In the alert awake state ( Figure 30.5A ) the pattern is described as desynchronised because the waveforms are quite irregular. The background frequency is usually around 9.5 Hz. A β frequency of more than 14 Hz may be superimposed over anterior head regions.

In a relaxed state with the eyes closed, rhythmic waveforms called the α rhythm appear in the α frequency (8 to 14 Hz), notably over the parietooccipital area ( Figure 30.5B ).
Normal sleep EEG
Glossary
- •
Rapid eye movement (REM) sleep. Dreamy light sleep accompanied by REMs; also called paradoxical sleep because the EEG resembles that for the awake state.
- •
Non-REM (NREM) sleep. NREM sleep (stages 1–4); stage 3 and 4 are also called slow wave sleep . In a routine EEG, NREM sleep will usually be identified, but REM sleep patterns, because of the briefness of the EEG, would be unusual.
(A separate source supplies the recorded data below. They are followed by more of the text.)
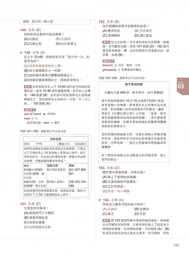 想考好多益,就要掌握「了解主體脈絡→剝洋蔥式理解細節→依序解決題目」的技巧。因此我在書中的解析,會依據題目順序逐題講解,讓學生清楚知道該從文本的何處找到題目答案。
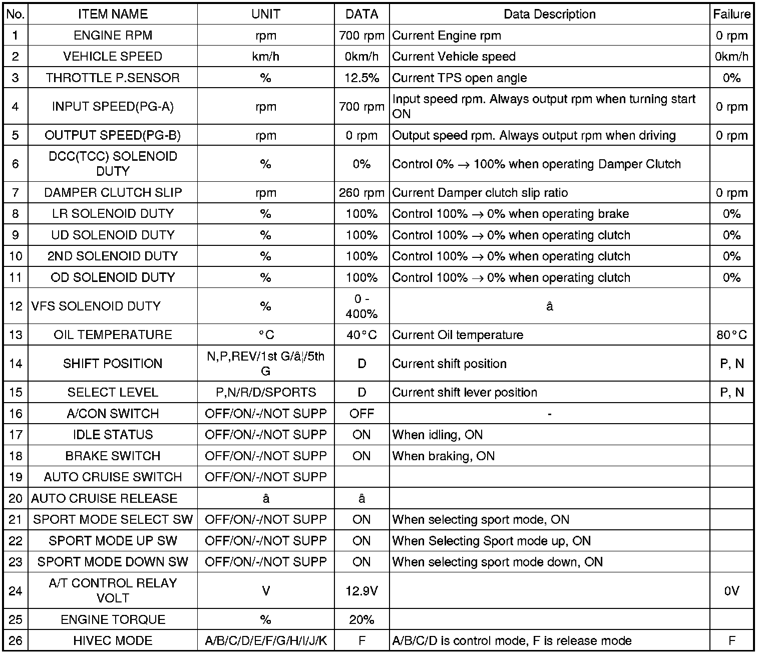 SERVICE DATA LIST(WITH SCAN TOOL)
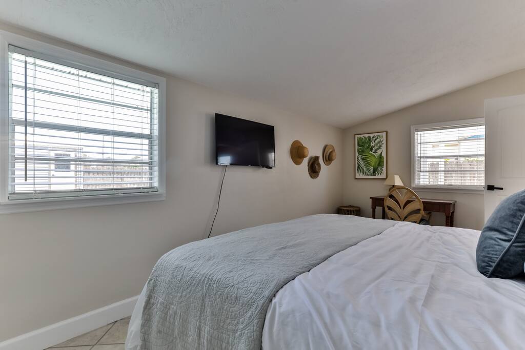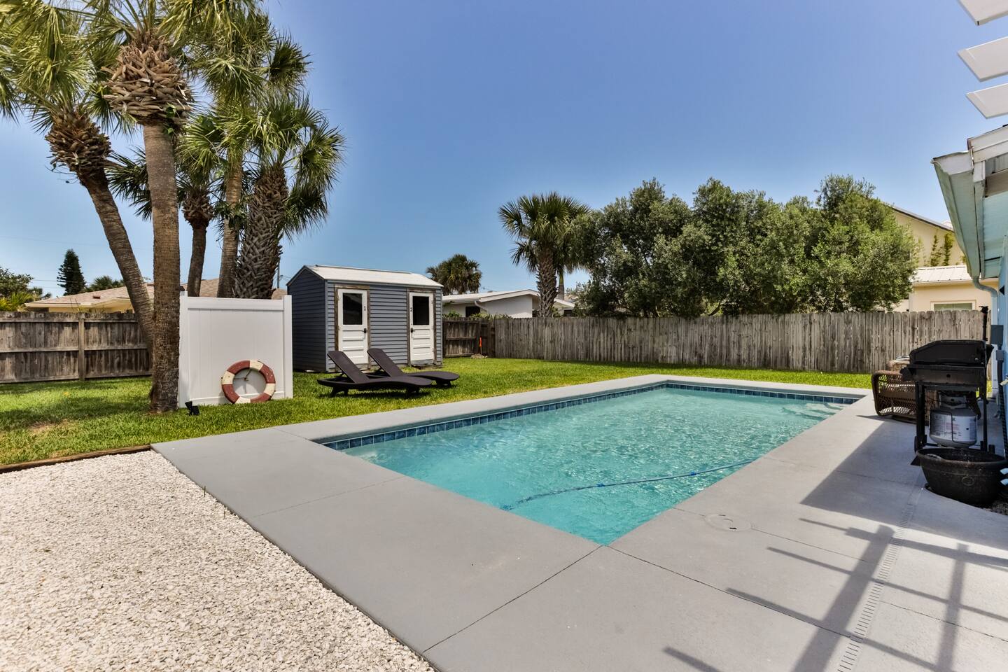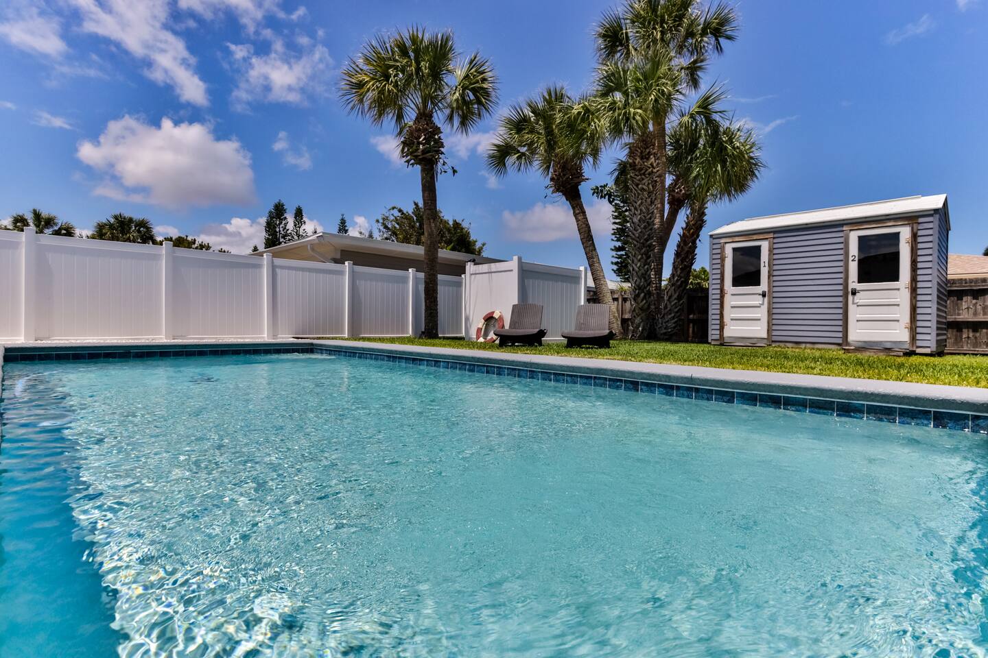 Stay just steps from the beach in this stylish 2BR duplex with a king bed, twin room, and shared heated pool in a lush backyard. Walk 5 minutes to the ocean, 14 minutes to Flagler Ave, and easily reach NSB’s best dining and nightlife. Perfect for families or couples looking to relax, explore, and enjoy everything New Smyrna has to offer. We’d love to host you at your beach home away from home!
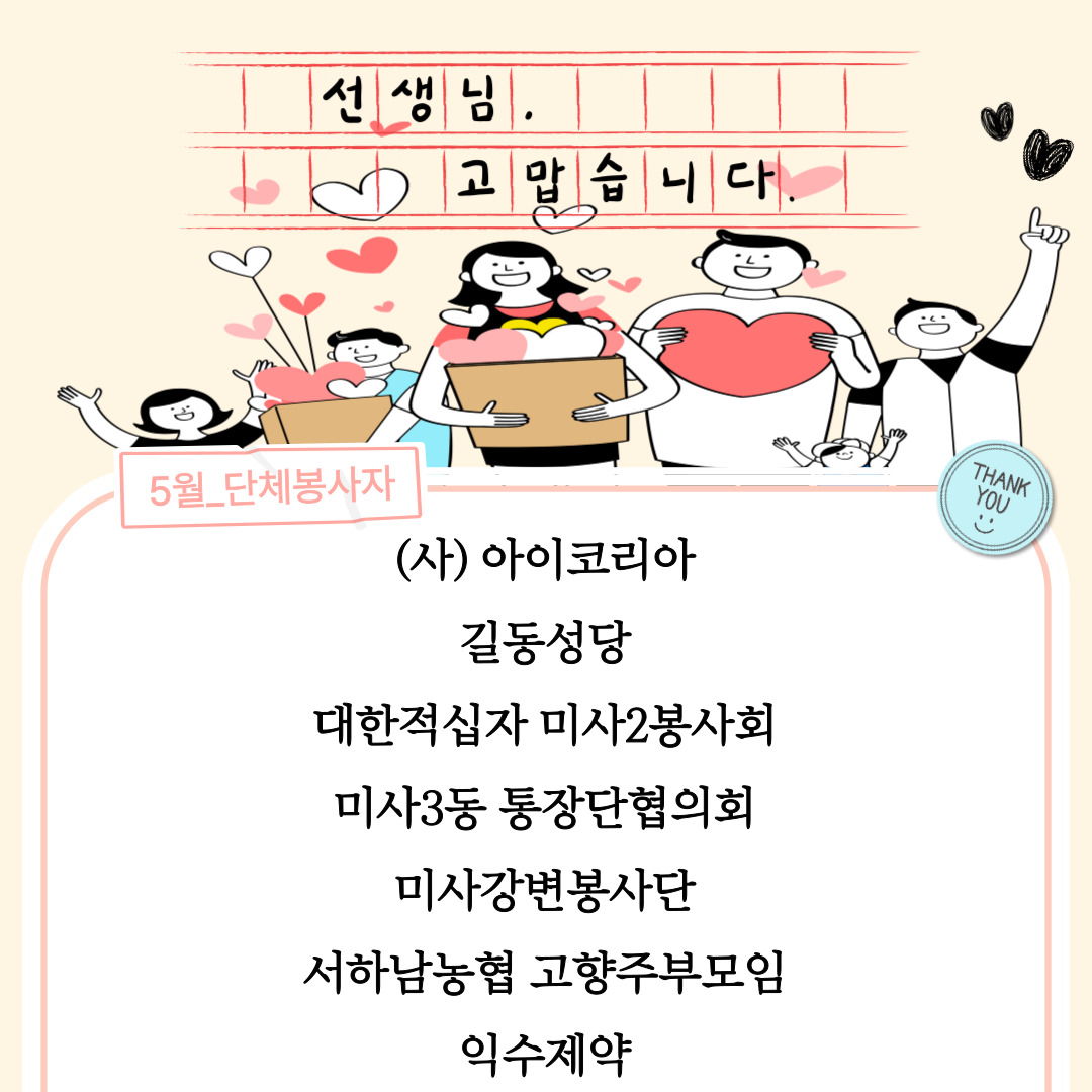 (사)아이코리아 길동성당 대한적십자 미사2봉사회 미사3동통장단협의회 미사강변봉사단 서하남농협고향주부모임 익수제약

Sleep can be defined at both a behavioural level (e.g. immobility) and by patterns of neuronal activity of the brain (e.g. cortical neuronal firing patterns). People normally pass through three to five sleep cycles per night, the first within the first 90 minutes of sleep. The sequence of events is summarised in Figure 30.5 . α rhythm becomes more apparent (on occipital leads) during quiet rest with eyes closed.
By general agreement, proper sleep is associated with slow-wave patterns in the EEG and characteristic EEG patterns that allow sleep stages to be recognised. This begins with a rapid descent through stage 1, characterised by a steady θ rhythm, into stage 2, characterised by θ waves interrupted by sinusoidal waveforms called sleep spindles, and by occasional K complex spikes. stage 3 and 4 is characterised by slow δ waves—hence the term slow wave sleep for that stage ( Figure 30.6 ).